Bravo, Mr. Burkeman, bravo!   This article is an excellent illustration of how you can eliminate the verb to be seamlessly, without resort to any awkward constructions or convolutions, or obvious manipulations.  And when it comes to writing, the value of E-Prime is quite clear.  Simply put, minimizing the use of to be as much as possible makes for better writing.  To be indicates static relationships, rather than dramatic actions and events.

To be, simply put, is to bore.

It is raining is boring, as compared to, The rain poured down from the sky, which also leads me to find some kind of metaphor, e.g., like flop sweat from an overweight comedian performing for a stone-faced audience.  Okay, maybe not exactly deathless prose, but I think you can see my point.

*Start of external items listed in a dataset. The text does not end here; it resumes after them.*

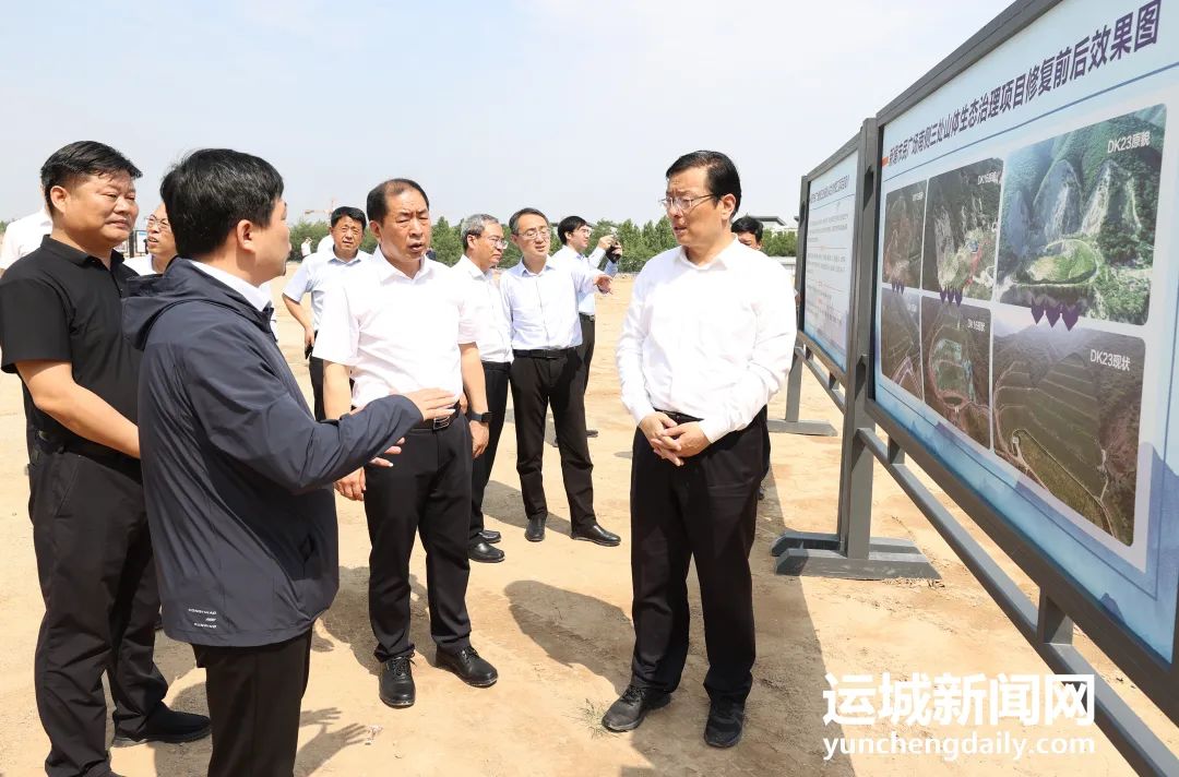 近年來,市委、市政府加大中條山廢棄露天礦山修復(fù)力度,昔日破損山體被綠植覆蓋、恢復(fù)原貌。在南山新境市民廣場,丁小強詳細了解受損山體生態(tài)修復(fù)情況,強調(diào),
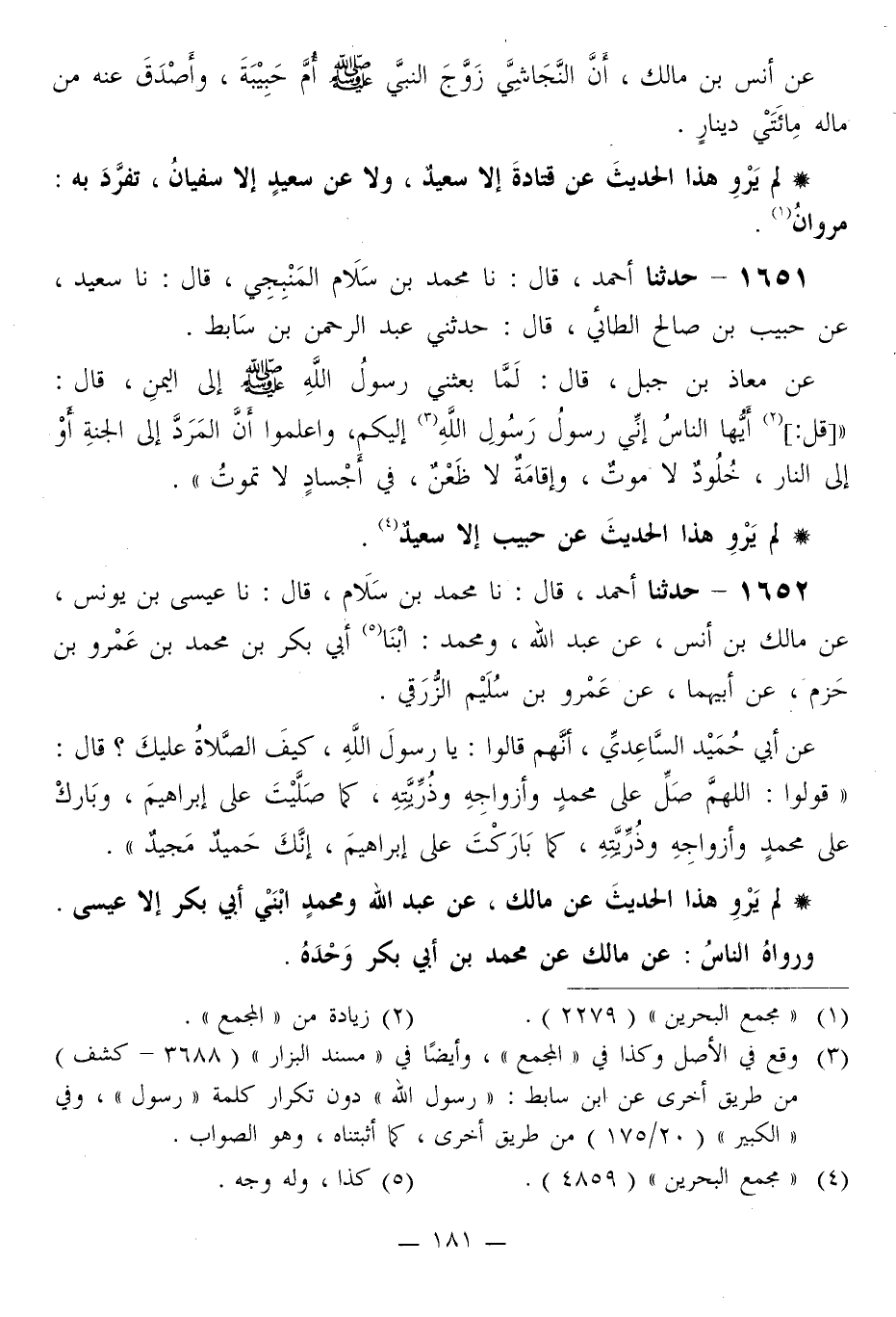 1651 - حَدَّثَنَا أَحْمَدُ قَالَ: نا مُحَمَّدُ بْنُ سَلَامٍ الْمَنْبِجِيُّ قَالَ: نا سَعِيدٌ، عَنْ حَبِيبِ بْنِ صَالِحٍ الطَّائِيُّ قَالَ: حَدَّثَنِي عَبْدُ الرَّحْمَنِ بْنُ سَابِطٍ، عَنْ مُعَاذِ بْنِ جَبَلٍ قَالَ: لَمَّا بَعَثَنِي رَسُولُ اللَّهِ صَلَّى اللهُ عَلَيْهِ وَسَلَّمَ إِلَى الْيَمَنِ قَالَ: «قُلْ: أَيُّهَا النَّاسُ §إِنِّي رَسُولُ رَسُولِ اللَّهِ إِلَيْكُمْ، وَاعْلَمُوا أَنَّ الْمَرَدَّ إِلَى الْجَنَّةِ أَوْ إِلَى النَّارِ، خُلُودٌ لَا مَوْتٌ، وَإِقَامَةٌ لَا ظَعْنٌ، فِي أَجْسَادٍ لَا تَمُوتُ»
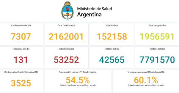 El Ministerio de Salud de la Nación informó este martes 7.307 nuevos casos de coronavirus en Argentina y 131 muertes notificadas. Con estos números, el total de contagios en el país desde el inicio de la pandemia llegó a los 2.162.001 y las víctimas fatales a 53.252.
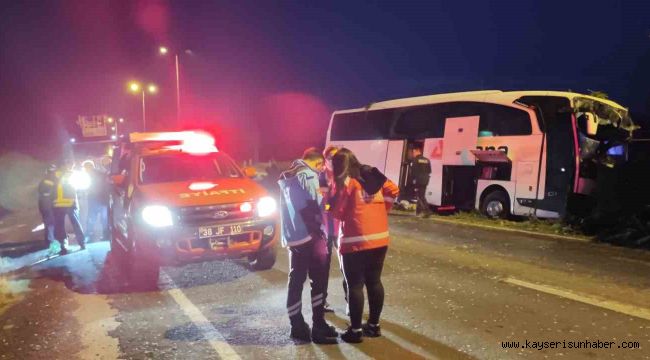 Kayseri'de kontrolden çıkan yolcu otobüsü aydınlatma direğine çarptı: 16 yaralı
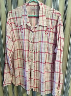 WOMEN’S Size 2X, tag says 3X but seems to be smaller, USED, lightweight material, snap front, has pretty silver lines in material and some shiny bead$12Maryville, TN
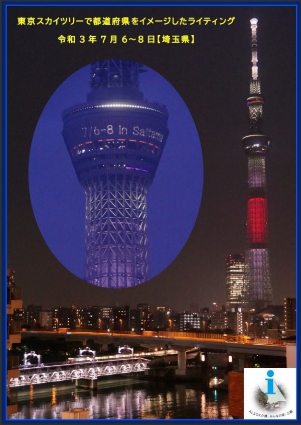 写真は職員が撮影した【東京スカイツリー聖火リレー47都道府県特別ライティング(埼玉県の県旗色をイメージしています)】です。
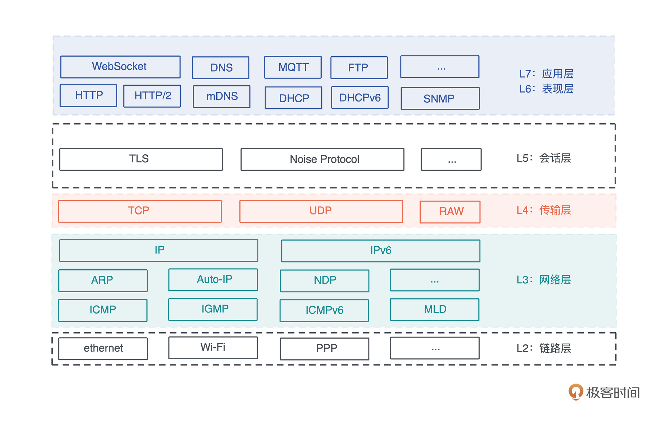 网络层目前 IPv4 和 IPv6 分庭抗礼,IPv6 还未完全对 IPv4 取而代之;传输层除了对延迟非常敏感的应用(比如游戏),绝大多数应用都使用 TCP;而在应用层,对用户友好,且对防火墙友好的 HTTP 协议家族:HTTP、WebSocket、HTTP/2,以及尚处在草案之中的 HTTP/3,在漫长的进化中,脱颖而出,成为应用程序主流的选择。
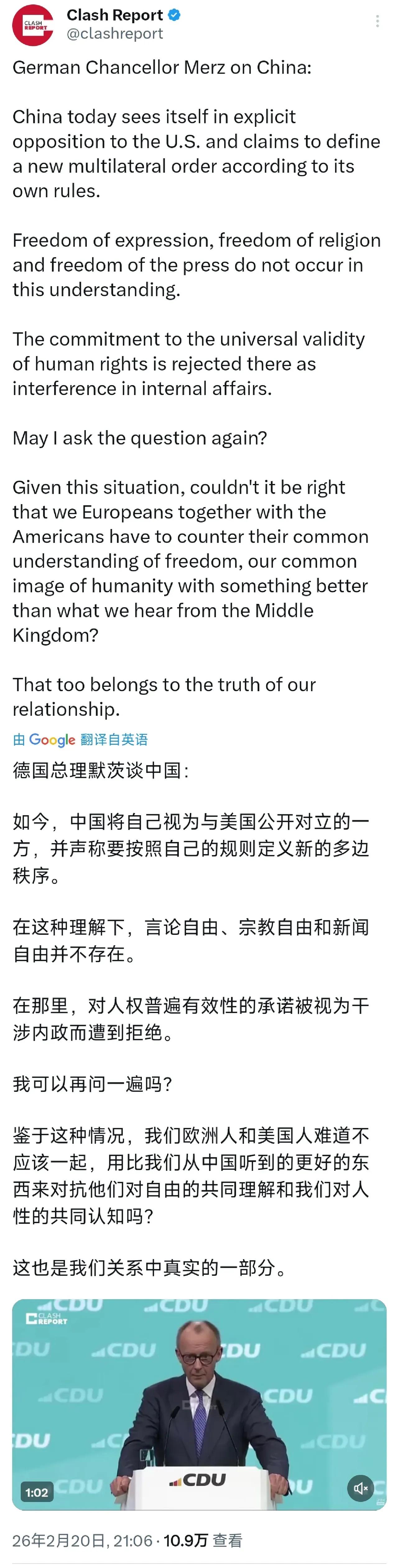 【德国的表现就像是美国的附庸】 英国《泰晤士报》昨天(3月11日报道,针对特朗普威胁切断与西班牙的贸易往来,而坐在一旁的德国总理默茨非但没有帮西班牙说话,反而批评西班牙未按照要求增加军费,彻底激怒了西班牙政府。该国官员称,坚决反对美以对伊朗的军事行动,并指责默茨背叛了德国执政党的“价值观〞,在特朗普面前的表现“就像是美国的附庸”。 德国并非像是美国的附庸,本来就是美国的附庸,而且自己也承认是美国的附庸。上月初德国外长瓦德富尔在新加坡一脸认真地表示,德国将永远跟随美国,哪怕柏林如何被美国所虐,我们也决不转投中国。德国总理访华前在抹黑中国的同时,表示德国将坚定的做美国的附庸,还呼吁其他欧洲国家做美国的附庸(图4)。德国视中国的发展为威胁,而将美国的胁迫视为“正常关系”、“可靠伙伴”,对此中美两国早已得出同一结论:德国选择做美国的附庸而非自主。
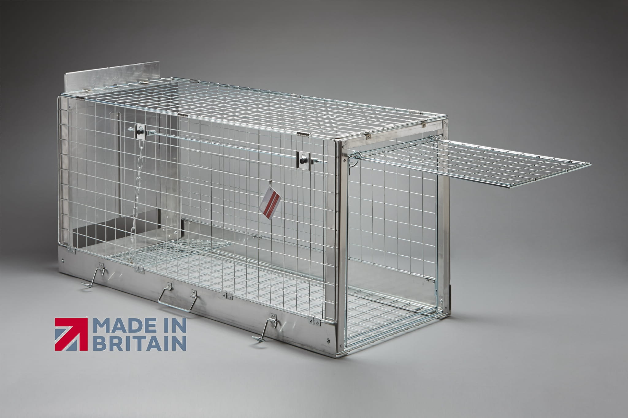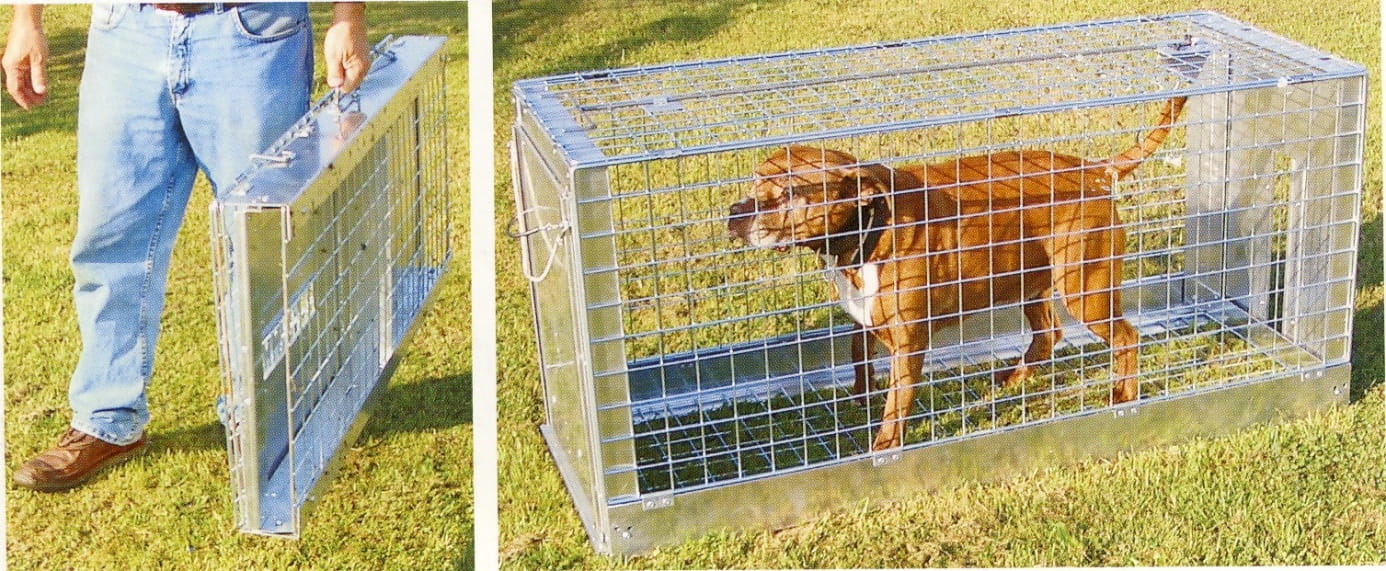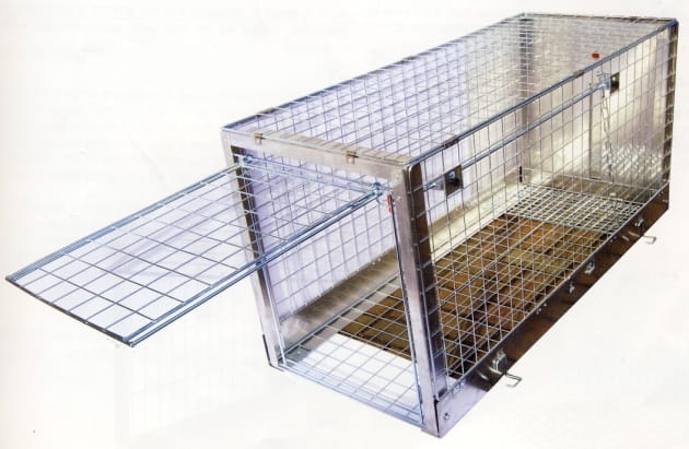 Veľká skladacia klietka z odolného pozinkovaného pletiva z nehrdzavejúcej ocele. Ľahko sa skladá, prenáša, prepravuje, skladuje a dezinfikuje. Navrhnutá po konzultácii s odborníkmi z odvetvia na humánny odchyt zvierat. Má odolný a samočinný spúšťací mechanizmus umiestnený vo vnútri klietky. Hneď ako sa na ňu zviera postaví a siahne po návnade, spúšťacie dvierka sa automaticky spustia a zablokujú a zabránia zvieraťu opustiť klietku. Podlhovastý otvor v druhých dvierkach umožňuje umiestnenie chápadla do klietky a presun chyteného zvieraťa von z klietky. Veľkosť oka 5 x 5 cm. Najpredávanejšia klietka na humánny odchyt veľkých zvierat. Po zložení klietka meria: d.131 x š.54 x v.12 (cm)
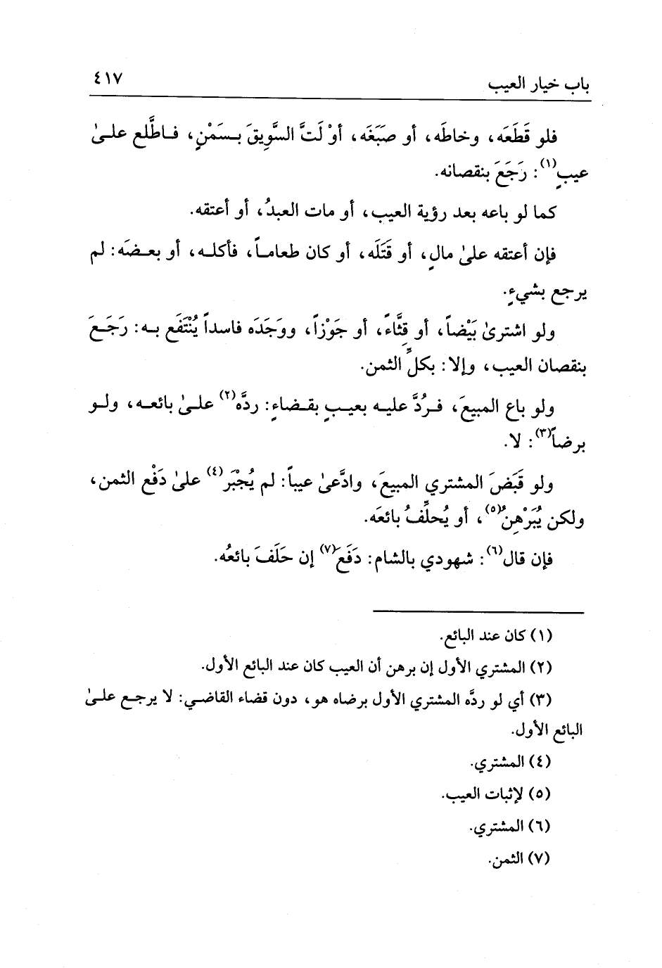 فلو قطعه أو خاطه أو صبغه أو لتّ السّويق بسمنٍ فاطّلع على عيبٍ رجع بنقصانه

E-Prime or not E-Prime, that is the question.  Well, for critical thinking and good writing, it's an excellent tool to have at your disposal.

And here's the URL for Oliver Burkeman's article, in case you want to see it in its original context:

And as for what the meaning of is is, it is what it is...


Bruce I. Kodish said...

Nice job, Lance. You brought in some interesting connections with Clinton's famous comments, etc.

Allen Walker Read didn't go along with Dave Bourland's suggestion to eliminate 'to be' altogether, since Allen felt that eliminating the passive voice, the auxiliary 'is' and the 'is' of existence, would unduly impoverish the language. Allen proposed a re-wording alternative that he called EMA, i.e., English Minus Absolutisms.

Anyhow the E-Prime Books that the Institute of General Semantics sells provide plenty of food for 'thought' and practice in E-Prime and alternatives like EMA for those who inquire further.

None of these language practices constiute panaceas, of course, but they can make a surprising difference to people who use them.

Anonymous said...

This is quite helpful, now I have a name for the meme that I thought was an orphan, it is the truth. jerry d.

Mike Plugh said...

Great post and a great article. I've slowly tried to work with simple E-prime exercises with my Japanese students studying English exposition.

My first foray into this kind of thinking about language is a simple paragraph exercise called "Sushi without To Be". The students moan and groan about how difficult it is at first and try to find clever ways to sneak that pesky verb into their work in some form, but when I hold fast to the rules they really expand their thinking, challenge their vocab, and describe sushi in a much more complex and informative way.

It's one of my holdover exercises each semester and has led to other GS work with their writing.